- **Action item**
Everything from the line containing "2013年10月10日晚,我" through the last line of the data below is to be retyped exactly, apart from the pictures.

- **Data extract**
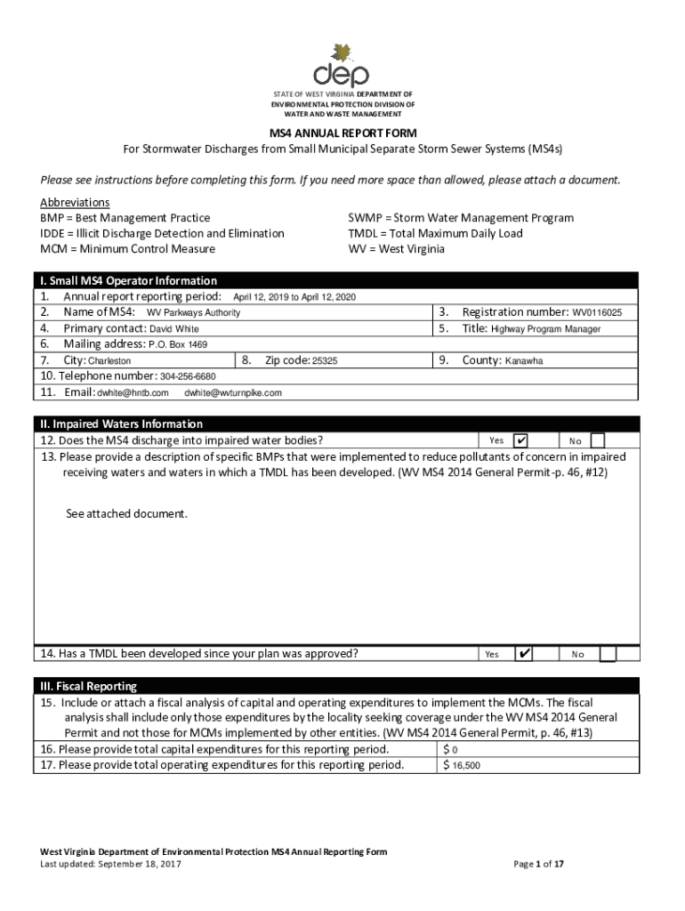 STATE OF WEST VIRGINIA DEPARTMENT OF ENVIRONMENTAL PROTECTION DIVISION OF WATER AND WASTE MANAGEMENTMS4 ANNUAL REPORT FORM For Stormwater Discharges from Small Municipal Separate Storm Sewer Systems
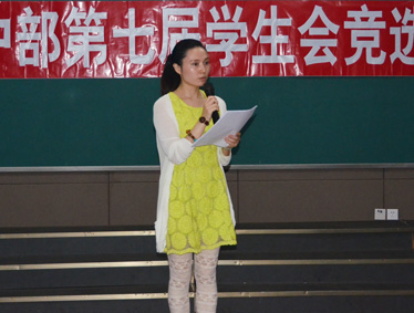 2013年10月10日晚,我校初中部举行了第七届学生会选举。同学们踊跃报名,积极参与,现场气氛紧张而又热烈。
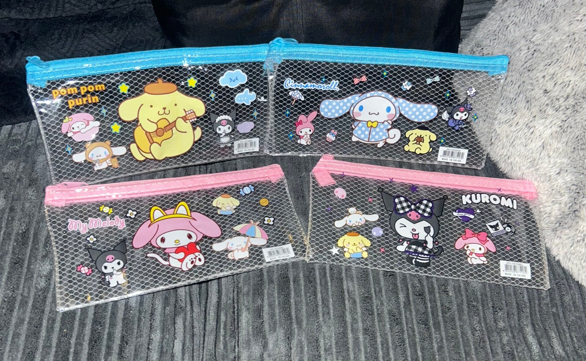 Hello Kitty and friends fluffy zip up bags.
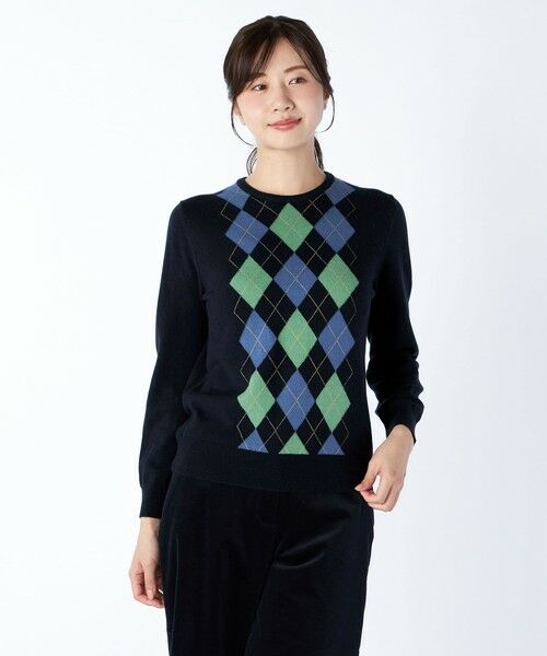 メリハリのあるカラーで着映えするアーガイル柄ニット。ベーシックでいて存在感のある着こなしを楽しみたい日におすすめです。シルエットにほど良いゆとりがあり、リラックスして着こなせるのも魅力です。※商品画像はサンプルを使用しているため、実際の商品と色味などの仕様が異なる場合がございます。予めご了承ください。model:T.172/B.83/W.59/H.87着用サイズ:38

- **Task solution**
 2013年10月10日晚,我校初中部举行了第七届学生会选举。同学们踊跃报名,积极参与,现场气氛紧张而又热烈。
 Hello Kitty and friends fluffy zip up bags.
 メリハリのあるカラーで着映えするアーガイル柄ニット。ベーシックでいて存在感のある着こなしを楽しみたい日におすすめです。シルエットにほど良いゆとりがあり、リラックスして着こなせるのも魅力です。※商品画像はサンプルを使用しているため、実際の商品と色味などの仕様が異なる場合がございます。予めご了承ください。model:T.172/B.83/W.59/H.87着用サイズ:38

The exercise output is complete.